Read more: Why you should start breakfast with a vegetable

Some fiber supplements, such as psyllium peel and beta glucans, have been shown to support health by improving cholesterol, digestive and blood sugar levels, says Phillips. But the source and dose are both important. “Not all fiber supplements, even if they contain the same type of fibers, are made equal,” warns Phillips. “Some may not contain the effective amount shown in research, and added ingredients such as sugars or artificial sweeteners can influence tolerance and effectiveness.”

For example, taking additional inulin – a type of soluble fibers found in plants – has been for example shown In some people, cause gastrointestinal need and “do not consistently show protective effects” to colorectal cancer, says Hughes. Consult a healthcare provider to choose the best supplement for you and to ensure that it has no interaction with medicines you use.

What should you look for in a fiber supplement

From gummies to powders, there is a dizzying series of fiber supplements part, because there is no “perfect” fiber supplement, says Dr. Anne Mongiu, co-director of the Colorectal Cancer Program at the Surgery department of Yale School of Medicine. Considerations include taste, texture preferences and tolerance, she says.

If a doctor advises you to take a fiber supplement, they can probably recommend an exact type and brand. In general, here is how you can choose the right fiber supplement, says Mongiu – and what to avoid.

  • Evaluate the type of fiber: Fiber supplements are derived from plants – such as psyllium, inulin, guargom, linseed or wheat extrinin – or from a synthetic source, such as methyl cellulose. Plant -based or naturally derived fibers is usually soluble fibers, which serves as a prebiotic and the health of intestinal bacteria and can support the microbiome. In some, however, these can cause a bloated feeling and gasiness, so supplements based on methyl cellulose can be a better option for some people.
  • Consider the content: Search for fiber supplements with at least 3 to 5 grams of the nutrient per portion. Some can have a lower content and must therefore be taken several times a day, and others have a higher content for once a day dosage. As long as you plan to take a supplement once a day, it is probably best to select one with a higher amount of fiber to get the best effect.
  • Scan the ingredients: Avoid supplements with extra sugars or other additives. There are many forms of fiber supplements, including powders, gummies, crackers and cookies, and these sometimes contain unnecessary ingredients that can be harmful to your colon or overall health.
  • Search for proof of quality control: The American Food and Drug Administration does not control supplements as rigorous as medicines.
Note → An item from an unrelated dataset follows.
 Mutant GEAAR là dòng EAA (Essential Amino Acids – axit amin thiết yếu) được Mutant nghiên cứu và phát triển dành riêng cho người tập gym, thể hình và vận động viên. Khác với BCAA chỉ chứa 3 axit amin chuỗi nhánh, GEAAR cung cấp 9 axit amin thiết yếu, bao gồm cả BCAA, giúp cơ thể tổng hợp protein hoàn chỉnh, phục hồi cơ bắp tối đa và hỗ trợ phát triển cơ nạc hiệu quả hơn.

However, third -party certifications can help classify these products. Search for United States Pharmacopeia (USP) or NSF seals to guarantee purity and quality.
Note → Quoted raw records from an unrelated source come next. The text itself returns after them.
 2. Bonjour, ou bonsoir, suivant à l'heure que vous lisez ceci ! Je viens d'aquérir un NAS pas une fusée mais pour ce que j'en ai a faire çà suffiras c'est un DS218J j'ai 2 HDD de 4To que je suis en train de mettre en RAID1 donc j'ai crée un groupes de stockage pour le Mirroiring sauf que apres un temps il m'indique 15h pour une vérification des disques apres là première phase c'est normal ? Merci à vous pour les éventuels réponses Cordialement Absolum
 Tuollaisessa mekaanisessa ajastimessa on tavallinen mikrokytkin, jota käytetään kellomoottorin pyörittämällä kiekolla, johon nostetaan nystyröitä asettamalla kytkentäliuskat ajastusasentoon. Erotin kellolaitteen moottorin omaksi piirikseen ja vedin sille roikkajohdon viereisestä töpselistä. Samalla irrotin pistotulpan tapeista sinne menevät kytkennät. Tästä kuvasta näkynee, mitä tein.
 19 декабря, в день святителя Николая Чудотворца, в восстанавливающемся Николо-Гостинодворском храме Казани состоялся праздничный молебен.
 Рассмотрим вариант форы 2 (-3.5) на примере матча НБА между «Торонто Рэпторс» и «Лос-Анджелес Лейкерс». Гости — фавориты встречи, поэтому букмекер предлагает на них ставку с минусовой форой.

Is it better to take a powder or a pill?

Many experts tend to the powder form. “Fiber powders are usually versatile because they can be mixed in water, smoothies or food, making it easier to consume a larger amount at the same time,” says Phillips. “They also often contain soluble fibers, which helps to regulate digestion and support intestinal health.” For some, fiber pills can be more convenient, but can contain smaller quantities of the nutrient per dose, which means that multiple pills can be needed to achieve the same advantage as a ball of powder.

Powder -shaped formulations also provide flexible dosage, so that you can determine exactly how much you get and whether you consume it in one or more doses, says Mongiu. Above all: “I tell my patients that the best fiber supplement is the one they want to take.”